> [STORED DATA]:
§ §

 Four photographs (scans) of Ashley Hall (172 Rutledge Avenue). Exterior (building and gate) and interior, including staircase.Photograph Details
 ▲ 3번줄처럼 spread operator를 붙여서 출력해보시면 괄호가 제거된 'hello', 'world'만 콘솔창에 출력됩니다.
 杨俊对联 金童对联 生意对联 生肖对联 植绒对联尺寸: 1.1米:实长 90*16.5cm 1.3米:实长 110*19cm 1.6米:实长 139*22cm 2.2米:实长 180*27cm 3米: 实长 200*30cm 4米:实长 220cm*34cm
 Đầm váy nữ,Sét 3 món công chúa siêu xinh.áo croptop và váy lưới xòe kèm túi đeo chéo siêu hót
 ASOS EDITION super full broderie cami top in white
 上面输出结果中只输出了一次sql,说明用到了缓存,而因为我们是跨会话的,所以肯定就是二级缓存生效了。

§ §

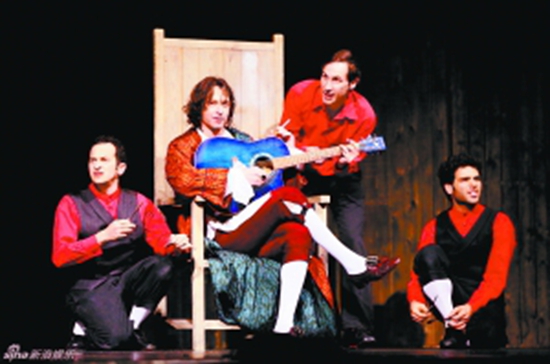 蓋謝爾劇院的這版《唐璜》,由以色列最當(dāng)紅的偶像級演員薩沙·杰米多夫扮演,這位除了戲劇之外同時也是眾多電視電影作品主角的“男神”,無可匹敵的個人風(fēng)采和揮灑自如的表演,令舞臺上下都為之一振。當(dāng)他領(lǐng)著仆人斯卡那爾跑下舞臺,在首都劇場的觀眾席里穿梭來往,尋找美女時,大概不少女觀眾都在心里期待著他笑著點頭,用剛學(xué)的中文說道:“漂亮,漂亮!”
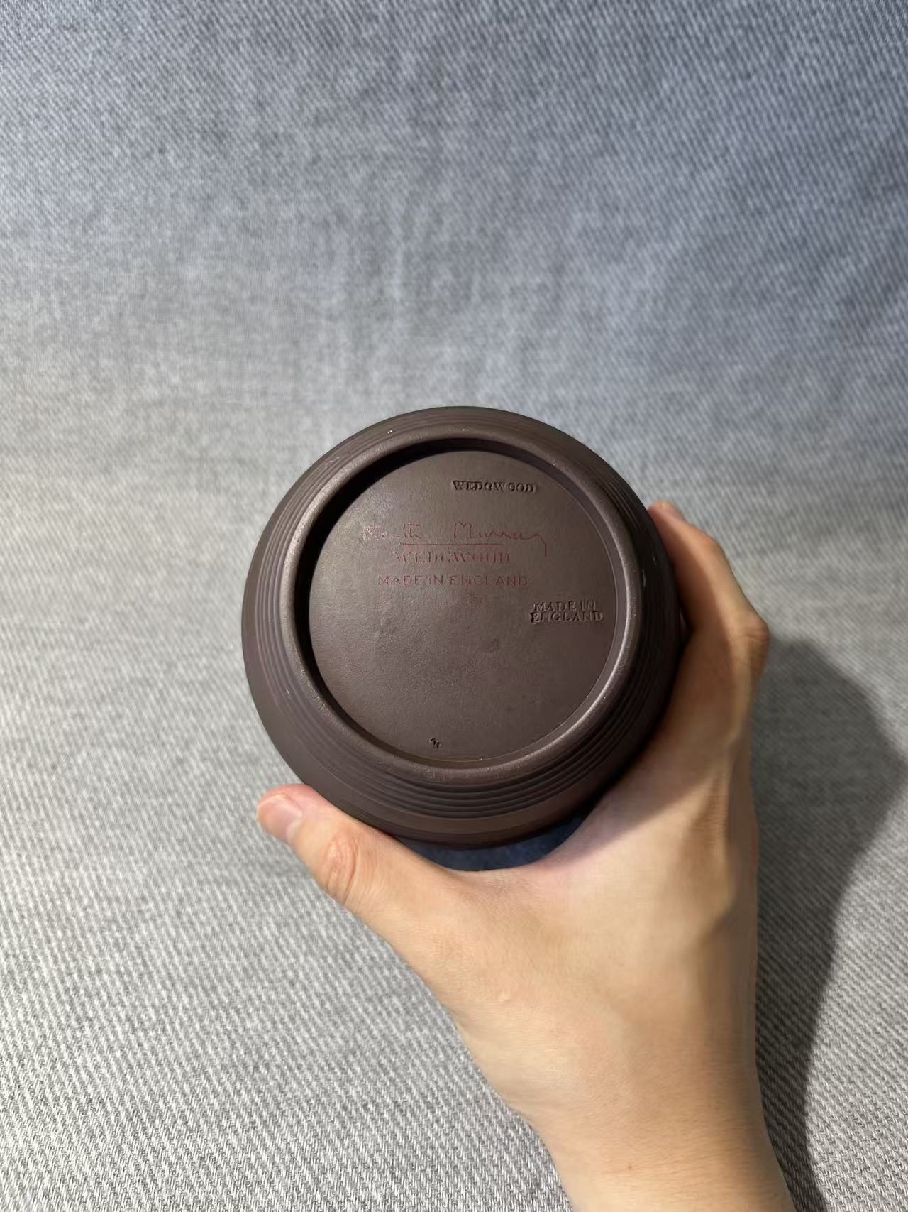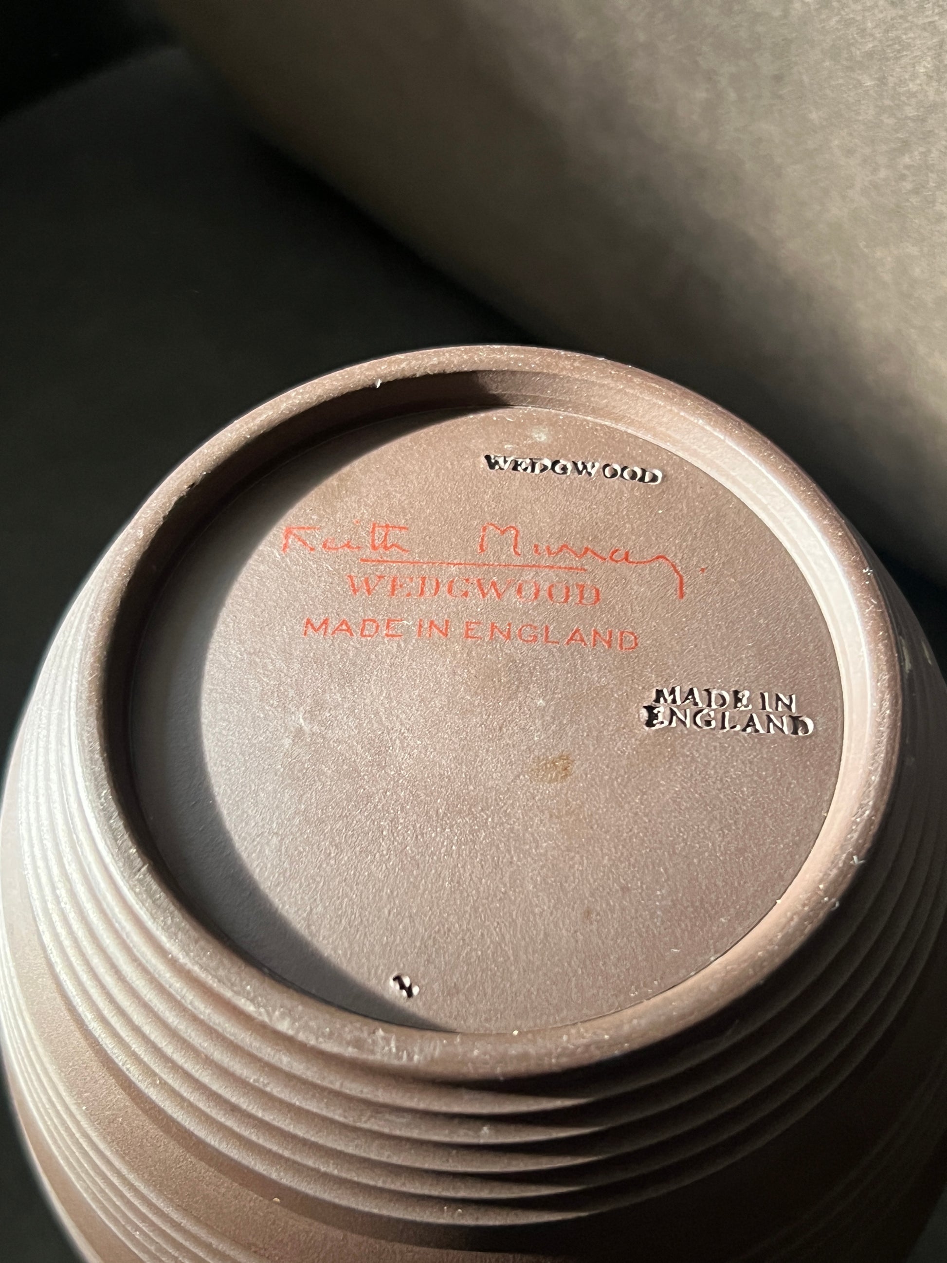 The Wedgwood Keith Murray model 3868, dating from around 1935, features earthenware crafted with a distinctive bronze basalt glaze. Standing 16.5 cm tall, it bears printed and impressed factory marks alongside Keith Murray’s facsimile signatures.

§ §

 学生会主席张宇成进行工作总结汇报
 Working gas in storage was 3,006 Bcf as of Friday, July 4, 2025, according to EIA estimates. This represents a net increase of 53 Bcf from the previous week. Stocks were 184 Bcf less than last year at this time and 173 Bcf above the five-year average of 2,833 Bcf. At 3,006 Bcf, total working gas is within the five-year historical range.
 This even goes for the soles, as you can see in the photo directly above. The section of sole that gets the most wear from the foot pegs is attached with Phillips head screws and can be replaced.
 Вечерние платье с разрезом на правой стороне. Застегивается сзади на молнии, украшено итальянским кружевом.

§ §

> [ACTIVITY]: Where does "above" occur in the data? Copy each line that has it.

> [SOLVED EXERCISE]:
 Working gas in storage was 3,006 Bcf as of Friday, July 4, 2025, according to EIA estimates. This represents a net increase of 53 Bcf from the previous week. Stocks were 184 Bcf less than last year at this time and 173 Bcf above the five-year average of 2,833 Bcf. At 3,006 Bcf, total working gas is within the five-year historical range.
 This even goes for the soles, as you can see in the photo directly above. The section of sole that gets the most wear from the foot pegs is attached with Phillips head screws and can be replaced.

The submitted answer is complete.